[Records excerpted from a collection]

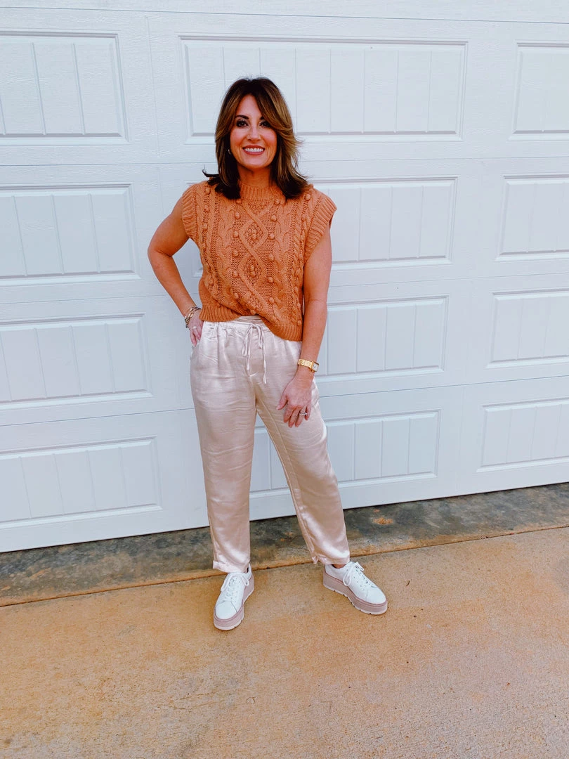 Such an easy to wear pair of pants! These pull on satin pants have a drawstring waist and are a pretty cream color.
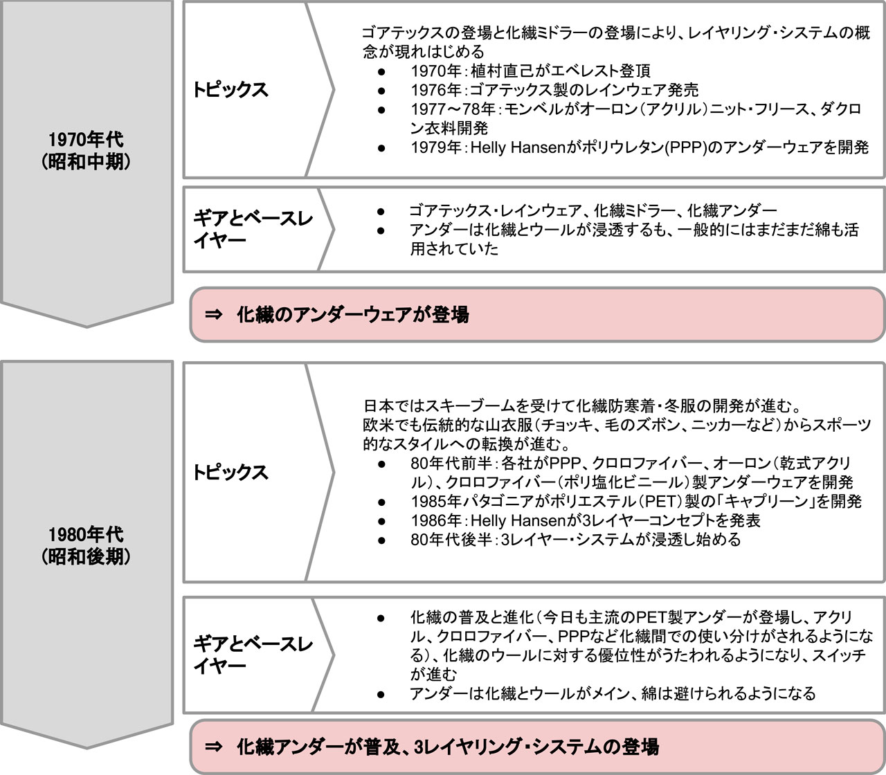 化学繊維のアンダーウェアが登場したのは70年代終わりごろであるが、本格普及したのは80年代初めのことである。最初期の製品には、ポリプロピレン(パタゴニアなどが発売)、乾式アクリル(商標オーロン、同モンベルなど)、ポリ塩化ビニール(商標クロロファイバー、同ノースケープ社など)などの素材が使われていた。70年代後半に開発されたゴアテックスのレインウェアやフリースのミドルウェアも同じ時期に普及が進んでいった。
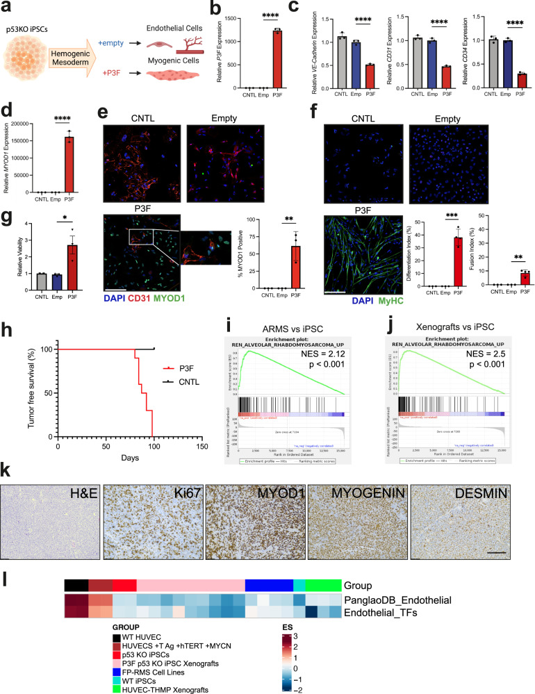 Fusion-positive rhabdomyosarcoma (FP-RMS) driven by the expression of the PAX3-FOXO1 (P3F) fusion oncoprotein is an aggressive subtype of pediatric rhabdomyosarcoma. FP-RMS histologically resembles developing muscle yet occurs throughout the body in areas devoid of skeletal muscle highlighting that FP-RMS is not derived from an exclusively myogenic cell of origin. Here we demonstrate that P3F reprograms mouse and human endothelial progenitors to FP-RMS. We show that P3F expression in aP2-Cre expressing cells reprograms endothelial progenitors to functional myogenic stem cells capable of regenerating injured muscle fibers. Further, we describe a FP-RMS mouse model driven by P3F expression and Cdkn2a loss in endothelial cells. Additionally, we show that P3F expression in TP53-null human iPSCs blocks endothelial-directed differentiation and guides cells to become myogenic cells that form FP-RMS tumors in immunocompromised mice. Together these findings demonstrate that FP-RMS can originate from aberrant development of non-myogenic cells driven by P3F.
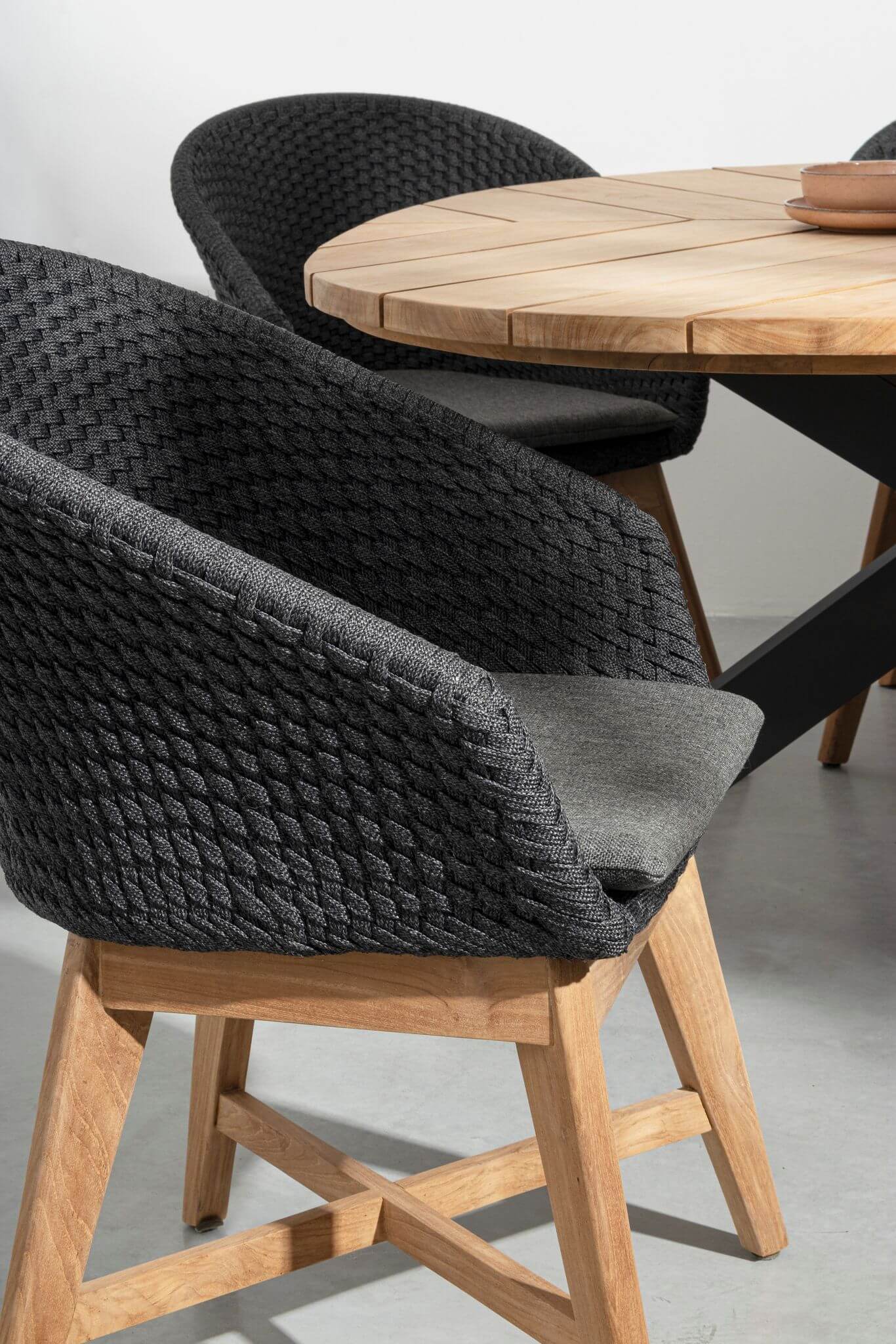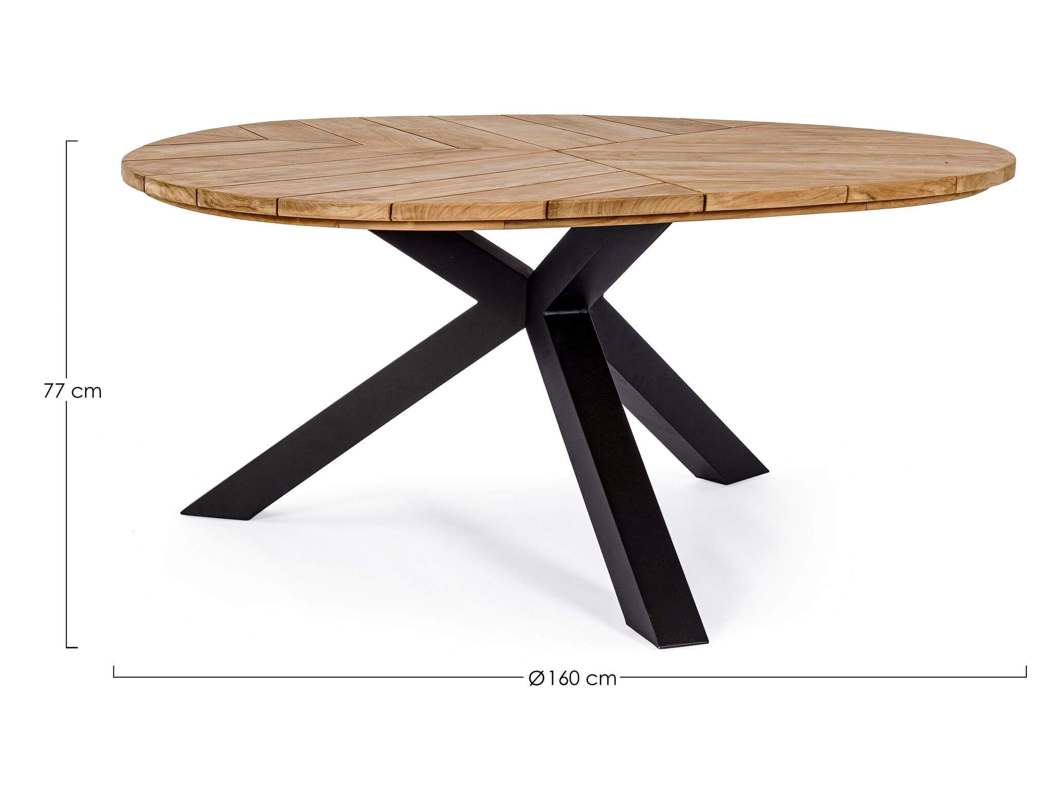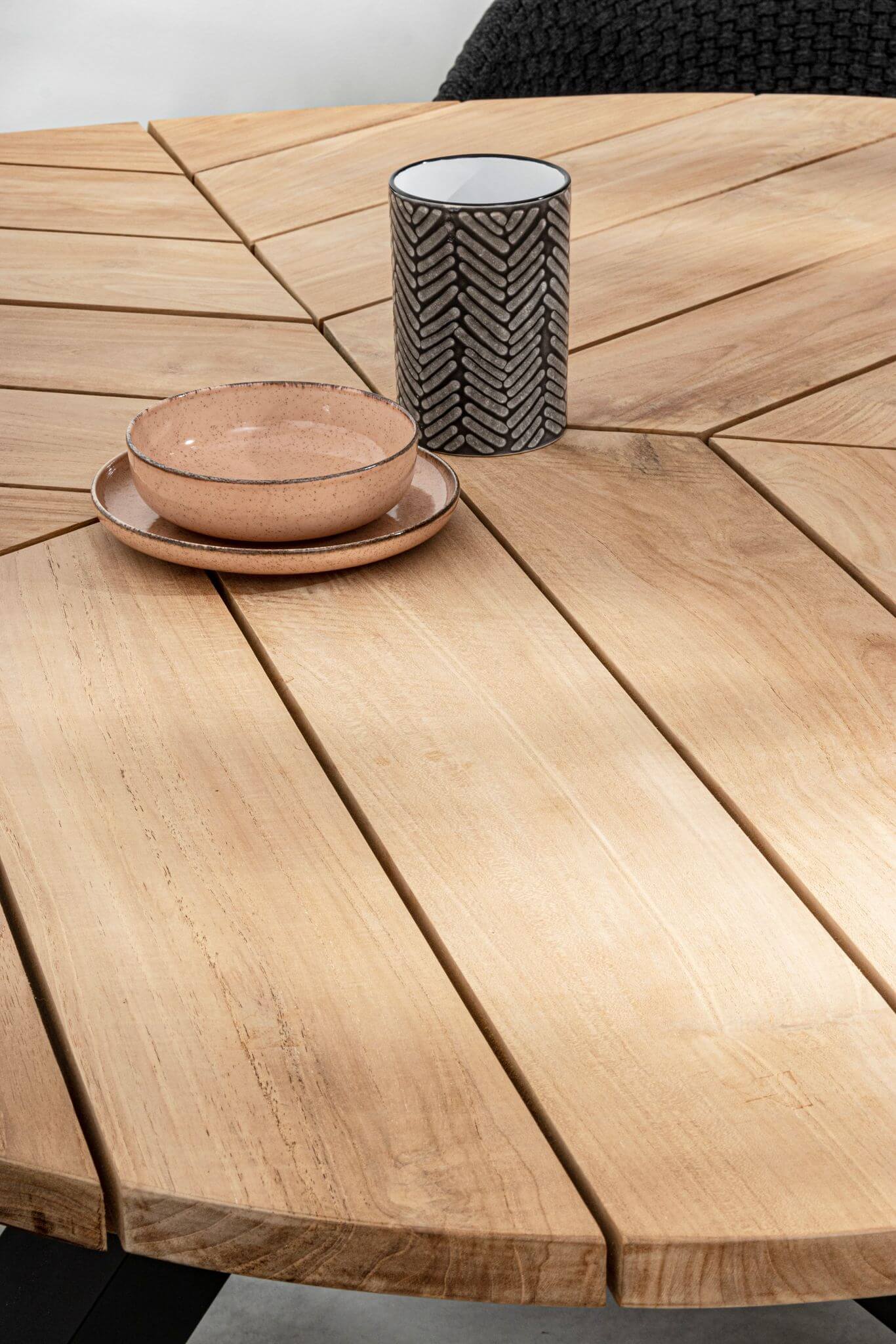 Blat ogrodowego stołu zrobiony jest z drewna tekowego (klasa A) z certyfikatem SVLK, świadczącym o legalności pozyskania materiału. Aluminiowe, czarne nogi malowane są proszkowo poliestrem. Śruby ze stali ocynkowanej.
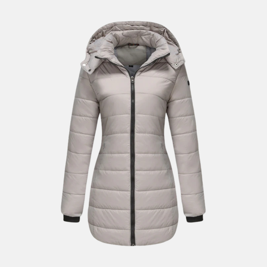 Women’s Puffer Coat - Mid-Thigh Length - Hooded - Two-Way Zipper
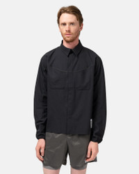 Built for long days on the trail, the SATISFY PeaceShell™ River Shirt delivers breathable protection and thoughtful performance features. Made from ultralight, fast-drying PeaceShell™ recycled micro twill from Japan, it features dual ice pockets at the upper back for rapid mid-run cooling. Flatlock seams and a frictionless finish ensure all-day comfort, while chest pockets offer easy access to essentials. With invisible snap buttons, cinched cuffs, and a removable care label, it’s streamlined for speed and freedom of movement. DETAILS - 11017-BK - 100% Recycled polyester - Fast dry lightweight PeaceShell™ - Regular, cropped fit - 2 front chest pockets - 2 ice pockets on the upper back - Invisible snap button closure - Cinched cuffs - Anti-chafe flat seam construction - Exterior detachable care label - Low-key ©SATISFY reflective print - 168g weight - Made in Portugal

Required action =>
Restate word for word every line from the top of the entries above to the line with "化学繊維のアンダーウェアが登", inclusive, and skip any pictures.

Response below =>
 Such an easy to wear pair of pants! These pull on satin pants have a drawstring waist and are a pretty cream color.
 化学繊維のアンダーウェアが登場したのは70年代終わりごろであるが、本格普及したのは80年代初めのことである。最初期の製品には、ポリプロピレン(パタゴニアなどが発売)、乾式アクリル(商標オーロン、同モンベルなど)、ポリ塩化ビニール(商標クロロファイバー、同ノースケープ社など)などの素材が使われていた。70年代後半に開発されたゴアテックスのレインウェアやフリースのミドルウェアも同じ時期に普及が進んでいった。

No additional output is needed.